# Assignment:
The expected output is an exact copy of the lines from the one containing "양구백토마을 공예창작스튜디오 입주작가모집" through the final line of the entries below, with no images.

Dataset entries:
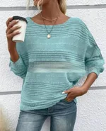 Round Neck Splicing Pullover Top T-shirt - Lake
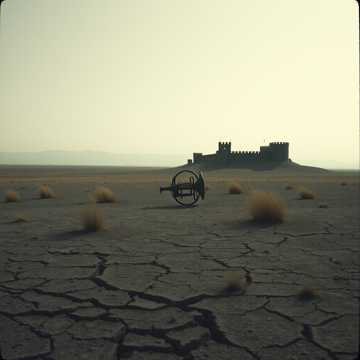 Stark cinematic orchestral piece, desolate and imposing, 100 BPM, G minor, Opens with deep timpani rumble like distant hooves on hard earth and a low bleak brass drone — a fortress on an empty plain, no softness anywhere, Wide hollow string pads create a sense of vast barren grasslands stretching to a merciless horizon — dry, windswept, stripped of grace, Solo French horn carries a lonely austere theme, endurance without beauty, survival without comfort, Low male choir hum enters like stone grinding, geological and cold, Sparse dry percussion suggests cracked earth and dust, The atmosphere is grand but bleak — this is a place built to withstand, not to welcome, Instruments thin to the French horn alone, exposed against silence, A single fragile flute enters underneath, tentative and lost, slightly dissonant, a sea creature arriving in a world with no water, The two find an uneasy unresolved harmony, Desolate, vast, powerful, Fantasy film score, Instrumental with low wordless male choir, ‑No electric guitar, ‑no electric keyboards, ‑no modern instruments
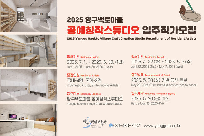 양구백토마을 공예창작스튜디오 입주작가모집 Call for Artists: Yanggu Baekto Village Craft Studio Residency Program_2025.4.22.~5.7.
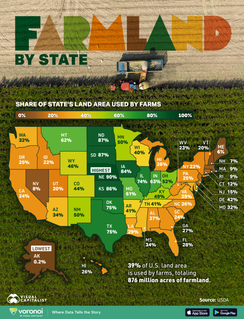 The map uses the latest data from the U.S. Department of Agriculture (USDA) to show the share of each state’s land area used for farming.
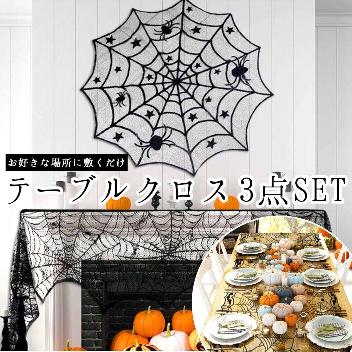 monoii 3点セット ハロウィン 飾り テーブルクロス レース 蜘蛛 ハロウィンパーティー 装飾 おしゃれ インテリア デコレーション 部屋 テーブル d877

# Completed exercise:
 양구백토마을 공예창작스튜디오 입주작가모집 Call for Artists: Yanggu Baekto Village Craft Studio Residency Program_2025.4.22.~5.7.
 The map uses the latest data from the U.S. Department of Agriculture (USDA) to show the share of each state’s land area used for farming.
 monoii 3点セット ハロウィン 飾り テーブルクロス レース 蜘蛛 ハロウィンパーティー 装飾 おしゃれ インテリア デコレーション 部屋 テーブル d877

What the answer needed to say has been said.